Shaka mengangguk. "Bun, inilah yang aku rindu usapan dan perhatian Bunda padaku."

Sarah masih mengusap lembut di rambutnya.

Rasa sesak menyergap dada Sarah. Terlebih saat melihat putranya meneteskan air mata.

"Jangan menangis, nanti berat langkahmu pergi ninggalin Bunda."

Sarah segera mengusap air matanya dengan tangan. Mereka berpelukan sebentar, lalu melanjutkan lagi merapikan barang bawaan Shaka. Beres satu tas baju dan tiga kardus kecil barang jajanan juga susu renteng telah siap.

"Oke kita makan malam ya setelah itu kamu istirahat. Bunda tadi belikan baso kesukaan kamu."

Shaka tersenyum. "Baik Bunda."

Sarah tersenyum mengacak rambut putranya.

Ia hampir gil-a memperjuangkan hidup. Sarah mati-matian terlihat bahagia dan baik-baik saja di depan Shaka. Dihajar habis-habisan oleh keadaan yang menusuk pola pikir dan batin, tapi Sarah masih beruntung punya Shaka jika tidak ia pasti sudah gil-a. Tetes demi tetes air matanya terus mengalir membasahi wajah. Sarah berusaha menolak saat Shaka menariknya dalam pelukan. Pelukan yang kemudian terasa semakin erat saat bahu Sarah bergetar kencang.

"Bunda sudah jangan sedih ada Shaka di sini, Shaka akan baik-baik saja di Pondok," bisiknya di telinganya. Sarah mencengkram erat lengan kemejanya, menumpahkan tangis yang sempat tertahan.

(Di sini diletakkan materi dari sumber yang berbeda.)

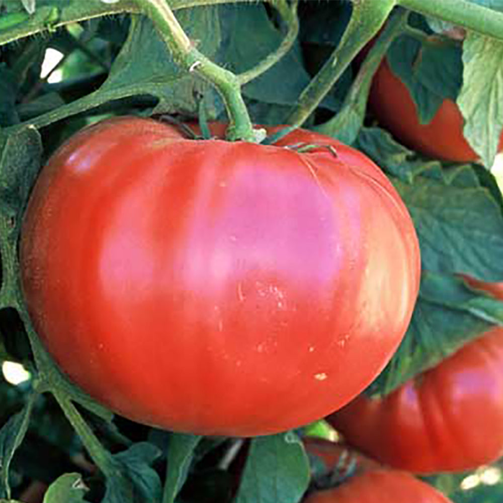 Vine doesn't really climb, but can reach 15 ft. or more by season's end. Each plant yields bushels of dark pink fruit, each weighing about 1 lb. Tomatoes are mildly flavored and meaty with few seeds. Indeterminate. 90 days.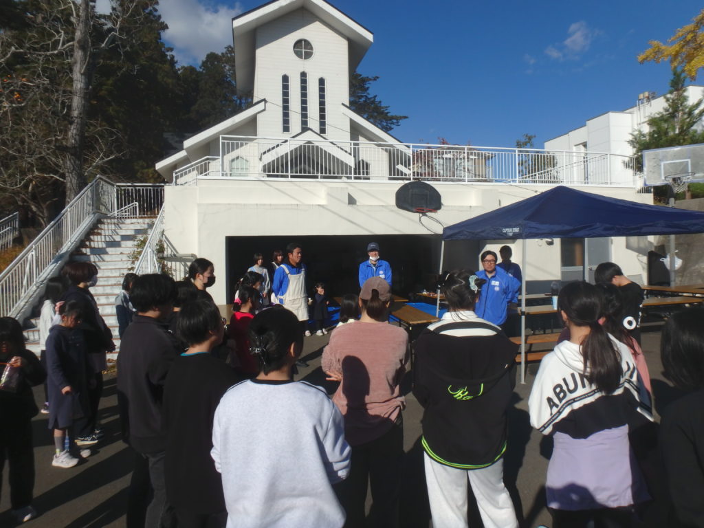ライオンズクラブの皆様は、「顔より大きい肉なんて見たことないよね?」「子ども達には(お腹こわさないように)もうちょっと火を通しておいた方がいいな。」「もっと○○したら‥」などと、子どもが楽しんでくれる姿を想像して焼いてくださっています。そのお気持ちの一つ一つがなんと有り難いことでしょうか。

"Bunda cuma terharu, saja. Ketika teman-tamanmu tak ingin ke pondok justru kamu ingin mondok, kamu memang jadi kebanggaan Bunda. Jadi anak yang pintar dan soleh ya, Nak."

"Iya Bunda."

Sarah mendongak dengan sisa air mata yang masih menetes, menatapnya masih dengan sisa kelembutan.

"Bisa, kan?" tanya Sarah pelan, tapi dengan sorot mata yang begitu dalam.

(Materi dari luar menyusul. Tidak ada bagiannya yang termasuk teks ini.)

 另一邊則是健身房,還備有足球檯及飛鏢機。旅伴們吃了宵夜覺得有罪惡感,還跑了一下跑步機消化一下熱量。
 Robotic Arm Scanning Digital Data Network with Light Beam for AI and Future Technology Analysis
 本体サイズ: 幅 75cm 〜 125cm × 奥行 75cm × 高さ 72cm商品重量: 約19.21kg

Sikap lembutnya seketika membuat air mata Sarah menetes semakin deras, seiring rasa sesak yang memenuhi dada.

"Apapun demi Bunda. Shaka bisa."

"Bunda mencintaimu, Nak."

"Shaka juga. Bunda tahu apa yang disampaikan oleh Ustadz pada Shaka."

"Apa?"

"Bahwa Allah tidak berjanji hidup itu mudah tapi Allah berjanji sesudah kesulitan pasti ada kemudahan."

"Ya itu benar, Nak."

"Semangat, Bunda."

"Eumm harus semangat. Selama ada Shaka Bunda akan baik-baik saja."

Malam hampir larut. Sarah menarik selimut menutup tubuh Shaka sebatas dada. Menyalakan kipas angin dengan suhu rendah agar Shaka bisa tidur dengan nyaman. Akhirnya Shaka tidur setelah meminta untuk membaca cerita.

***

Sarah menatap putranya senang. Jarang-jarang mereka berkumpul karena Shaka lebih memilih ke pondok, hanya liburan saja mereka bisa bercanda dan bersama.

"Ayo habiskan sarapannya," ucap Sarah membawa satu gelas susu untuk Shaka. Lalu meletakkannya di meja makan.

"Cepat makannya Nak, nanti kita terlambat."

"Iya Bunda."

"Sini, biar Bunda suapin." Sarah meraih sendok di tangan dan mulai menyuapinya.

"Bunda Shaka sudah besar. Sudah biasa makan sendiri."

"Shaka please."

Shaka tertawa melihat tingkah Bundanya. "Oke."

Shaka hanya diam memperhatikan Bundanya. Sesekali ia menyeruput susu terenak buatan Bundanya.

"Hari ini Bunda yang akan mengantar Shaka ke Pondok?" tanya Sarah sambil mengarahkan suapan terakhir untuk Shaka.

"Beneran?" tanya Shaka senang.

Sarah mengangguk.

"Asyik!"

Matahari sudah beranjak naik. Sarah sudah siap dengan sepeda motornya, Sarah gelisah menunggu Shaka di ambang pintu. Meremas tangannya mengusir kegusaran.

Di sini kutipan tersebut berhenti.